All experiments were conducted at least twice to ensure reproducibility. Nanoparticles (5 mg/mL) were incubated with bovine serum albumin (BSA) at a constant concentration of 20 mg/mL for 1 h at 37 ℃ with shaking at 150 rpm. After that, the nanoparticle-protein complexes were then collected by a permanent magnet and washed three times with PBS to obtain the "hard" protein corona-coated particles. Then, the nanoparticle-protein complexes were resuspended in MilliQ water and characterized with the help of TEM (JEOL, JEM-2100F, Tokyo, Japan), and Zetasizer Nano (Malvern, Worcestershire, UK).

Cell culture

The U87MG human glioblastoma cell line was kindly donated by Prof. Weiyue Lu (School of Pharmacy, Fudan University, Shanghai, China). Cells were maintained as monolayer cultures at 37 ℃ in 5% CO₂ atmosphere in high-glucose Dulbecco's Modified Eagle Medium (DMEM, Gibco) supplemented with 10% Fetal Bovine Serum (FBS, Gibco), and 1% penicillin/streptomycin (HyClone).

Cell viability assessment

The cytotoxicities of all nanoparticles for U87MG cells were tested using a CCK-8 kit (CCK-8 Kit, Boya Biotech, Beijing, China) [29]. U87MG cells were seeded in 96-well culture plates and incubated in DMEM medium for 24 h. The cells were washed with three times with warm PBS and then incubated with 200 µL of FBS-free medium containing various equivalent concentrations of nanoparticles for 24 h. Cells were washed gently with PBS and cytotoxicity assay was performed using CCK-8 Kits following the manufacturer's instructions.
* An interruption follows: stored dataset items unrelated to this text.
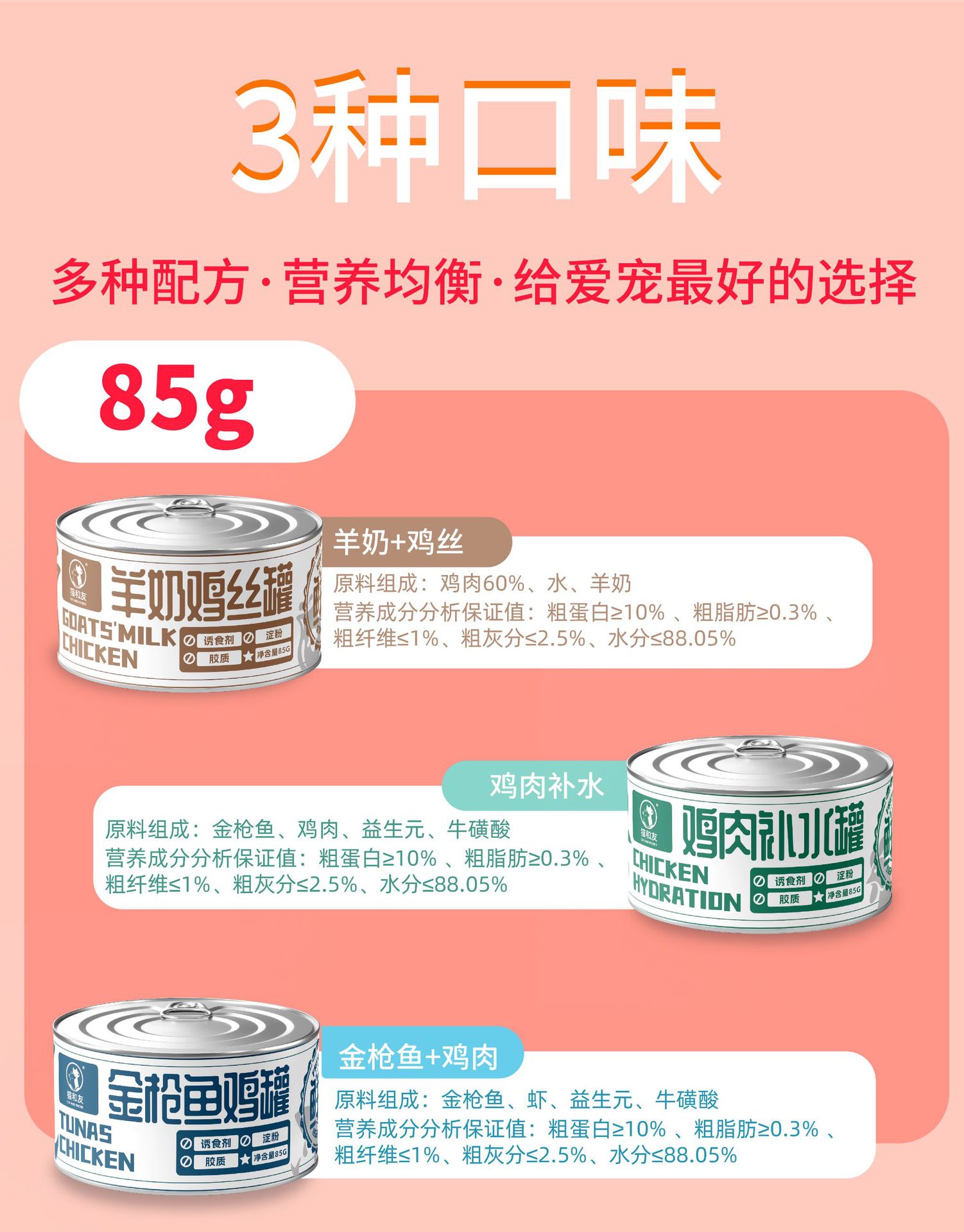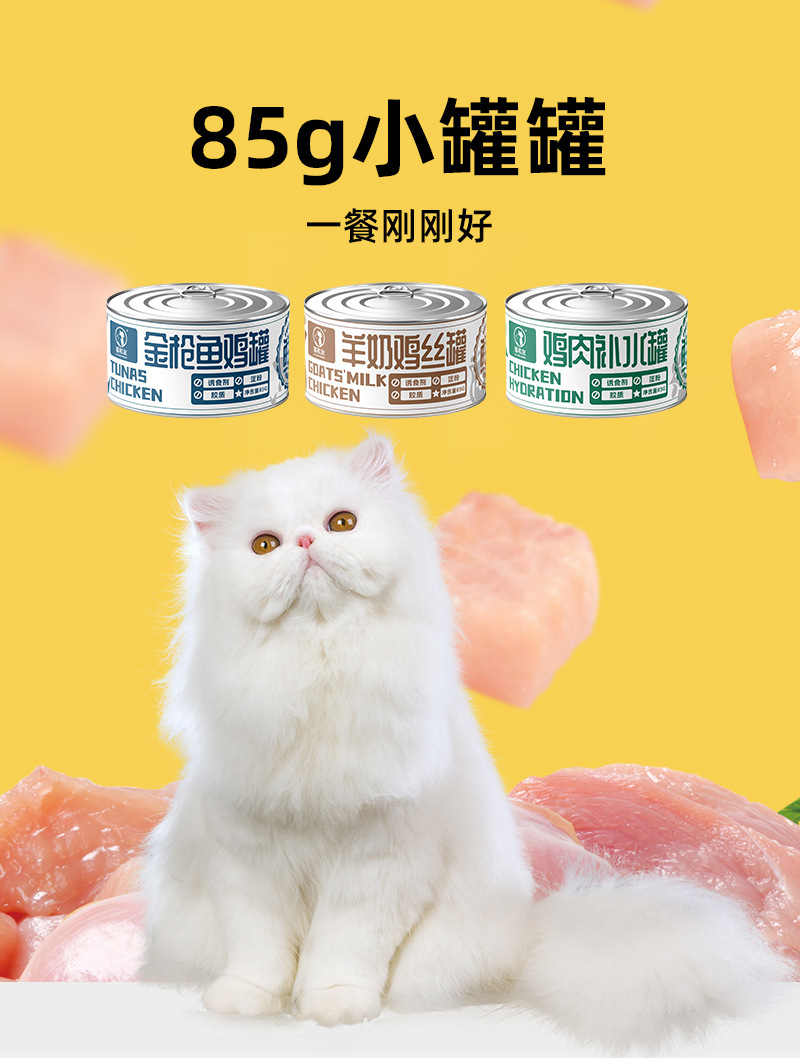 Gato y amigos pollo enlatado 85g, bocadillos para gatos adultos, alimento húmedo para gatos jóvenes, suplemento nutricional, bocadillos de sopa
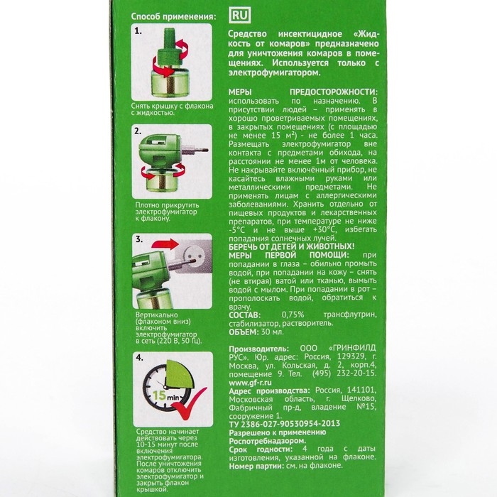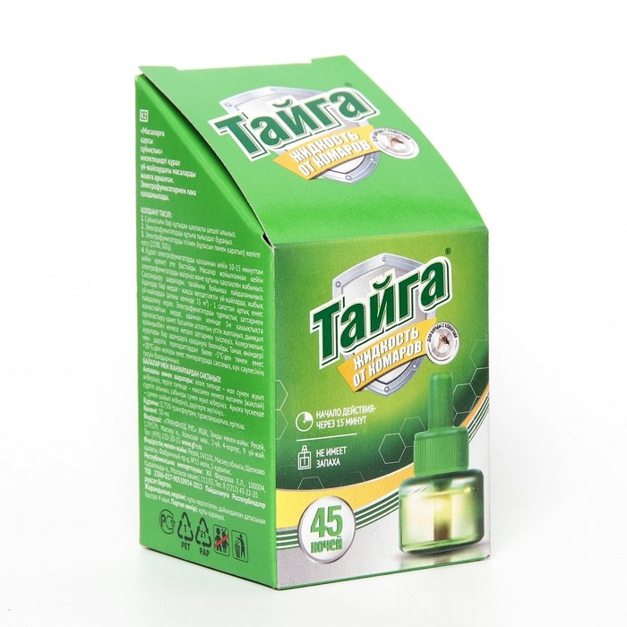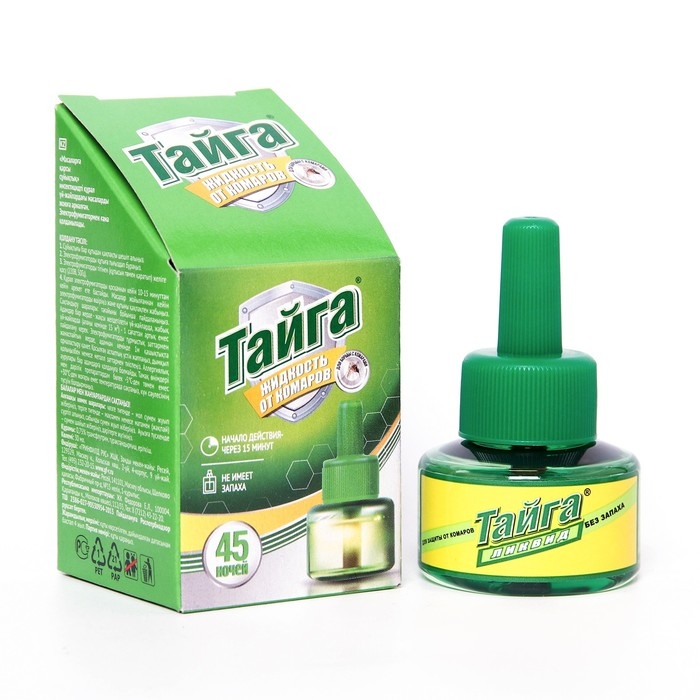Жидкостный наполнитель 45 ночей. Тайга Ликвид 45 ночей это средство для борьбы с комарами продленного действия. Одного такого флакона будет достаточно для надежной защиты жилых помещений от комаров до 45 ночей. Как и все жидкостные наполнители для электро фумигаторов, выпускаемых под маркой "Тайга", это средство абсолютно безопасно для домашних животных. Эффективно работает при открытых окнах.
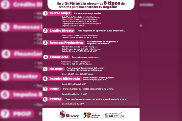 NOTICIAS 03/04/2025Conoce estas ocho opciones crediticias para impulsar tu negocio: Sí FinanciaEl Sistema Integral de Financiamiento para el Desarrollo de Michoacán (Sí Financia) ofrece ocho opciones crediticias para el impulso de proyectos productivos de los sectores artesanal, comercial, industrial, primario y servicios, informó Areli Gallegos Ibarra, directora general de la institución.
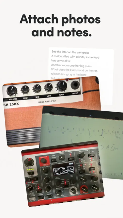 Never lose song memos, never spend time with songwriting headaches again; Focus on what really matters for your music, record many ideas, don’t think too much and unmess your songwriting!

Confocal microscopic imaging

U87MG cells (1 × 10⁶ cells per mL) were seeded in 4-well culture plates with glass bottom and incubated for 12 h. The medium was replaced with FBS-free medium containing 100 µg/mL nanoparticles and incubated for 3 h. After that, cells were washed three times with PBS, fixed with 4% paraformaldehyde for 30 min and stained by 2 µg/mL 4',6-diamidino-2-phenylindole (DAPI, Life Tech, Grand Island, NY) for 8 min. Images of these fluorescently stained cells were then captured using a confocal laser scanning microscope (CLSM, Leica, TCS SP5, Mannheim, Germany).

Cellular uptake study

For quantitative analysis of the cellular uptake of nanoparticles, U87MG cells were seeded in six-well plates (Costar, Charlotte, NC) and cultured in DMEM overnight. Then cells were washed with PBS for three times and FBS-free media containing various types of nanoparticles (50 µg/mL) were added into each well, followed by 24 h of co-incubation. At determined time points, cells were washed for four times with PBS. To determine the Fe contents in cells by inductively coupled plasma optical emission spectroscope (ICP-OES, 710, Varian, USA) the cells were collected and digested with 50 mM NaOH solution. Each test was run with three samples in parallel.

Statistical analysis

Each result is presented as mean ± standard deviation (SD). Statistical significance in the differences between different groups was evaluated by LSD t-tests or Tukey's method after analysis of variance (ANOVA). Differences were considered statistically significant at p < 0.05.

Result and Discussion

Figure 2 presents the X-Ray diffraction (XRD) pattern of as obtained MNPs, which matches well with the standard powder diffraction data for bulk cubic spinel-structured magnetite (JCPDS file no. 75-0033). C(RGDyK) as a targeting ligand was successfully covalently immobilized onto carboxyl-modified MNPs by the use of EDC and NHS, which was confirmed by DLS (Table 1A) and zeta potential (Table 1B). The mean hydrodynamic size of c(RGDyK)-MNPs (118.5 ± 7.6 nm) was not obviously altered compared to that of MNPs (112.4 ± 4.9 nm). However, due to the negative charge of aspartic acids in the c(RGDyK) peptides [30], c(RGDyK)-MNPs exhibited a decrease in zeta-potential (-30.4 ± 1.3 mV) compared to that of MNPs (-20.4 ± 1.3). These results indicated that surface functional groups on MNPs were altered, in other words, the conjugation of MNPs with c(RGDyK) was successful.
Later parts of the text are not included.